**EXERCISE PROMPT:**
Every line from the one with "Three-dimensional numerical model: (a)" up to and including the one with "Visit Proof |" is to be output exactly as it appears below; pictures are not.

**DATASET CONTENT:**
###
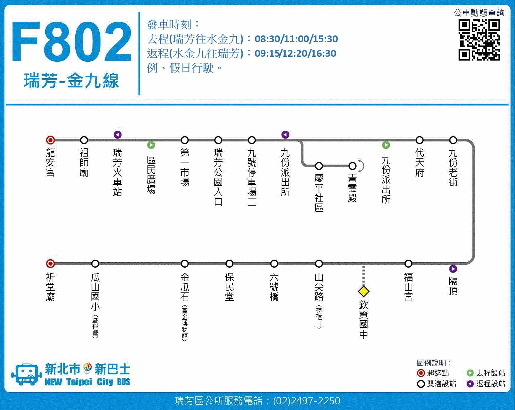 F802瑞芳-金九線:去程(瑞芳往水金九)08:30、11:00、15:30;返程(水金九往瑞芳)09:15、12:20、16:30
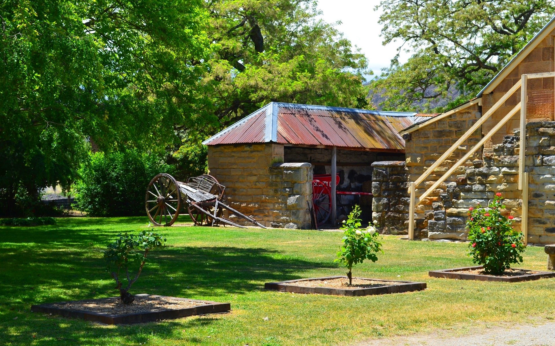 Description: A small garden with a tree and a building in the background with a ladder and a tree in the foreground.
###
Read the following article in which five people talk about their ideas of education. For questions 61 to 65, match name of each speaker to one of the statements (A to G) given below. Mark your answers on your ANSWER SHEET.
###
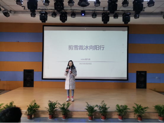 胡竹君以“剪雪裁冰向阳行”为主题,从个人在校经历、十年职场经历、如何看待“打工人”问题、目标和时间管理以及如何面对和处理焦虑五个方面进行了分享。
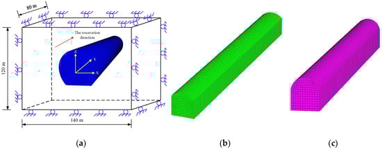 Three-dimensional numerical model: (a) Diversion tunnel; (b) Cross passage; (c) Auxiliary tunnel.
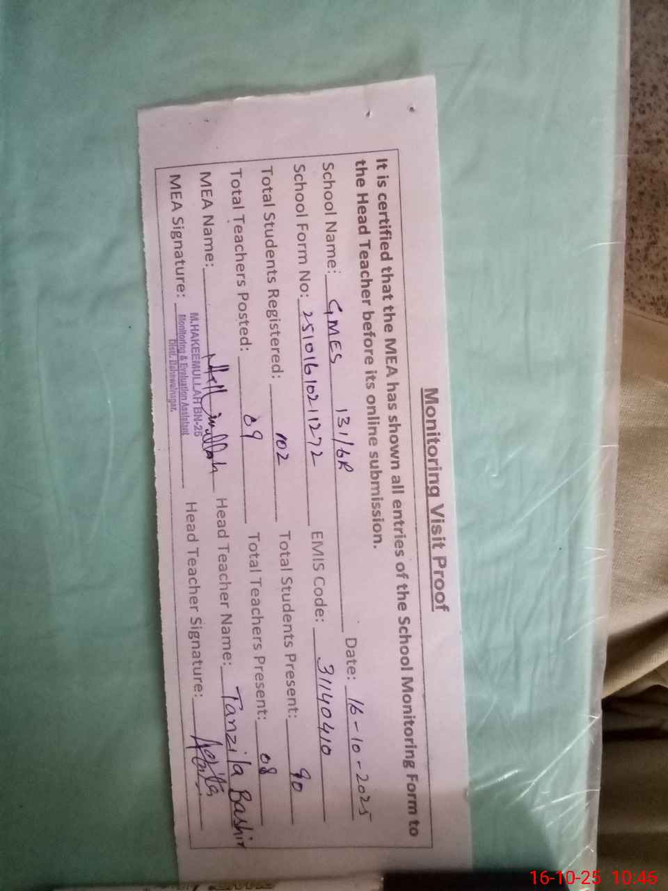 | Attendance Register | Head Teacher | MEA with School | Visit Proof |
###
**OUTPUT BELOW:**
 Three-dimensional numerical model: (a) Diversion tunnel; (b) Cross passage; (c) Auxiliary tunnel.
 | Attendance Register | Head Teacher | MEA with School | Visit Proof |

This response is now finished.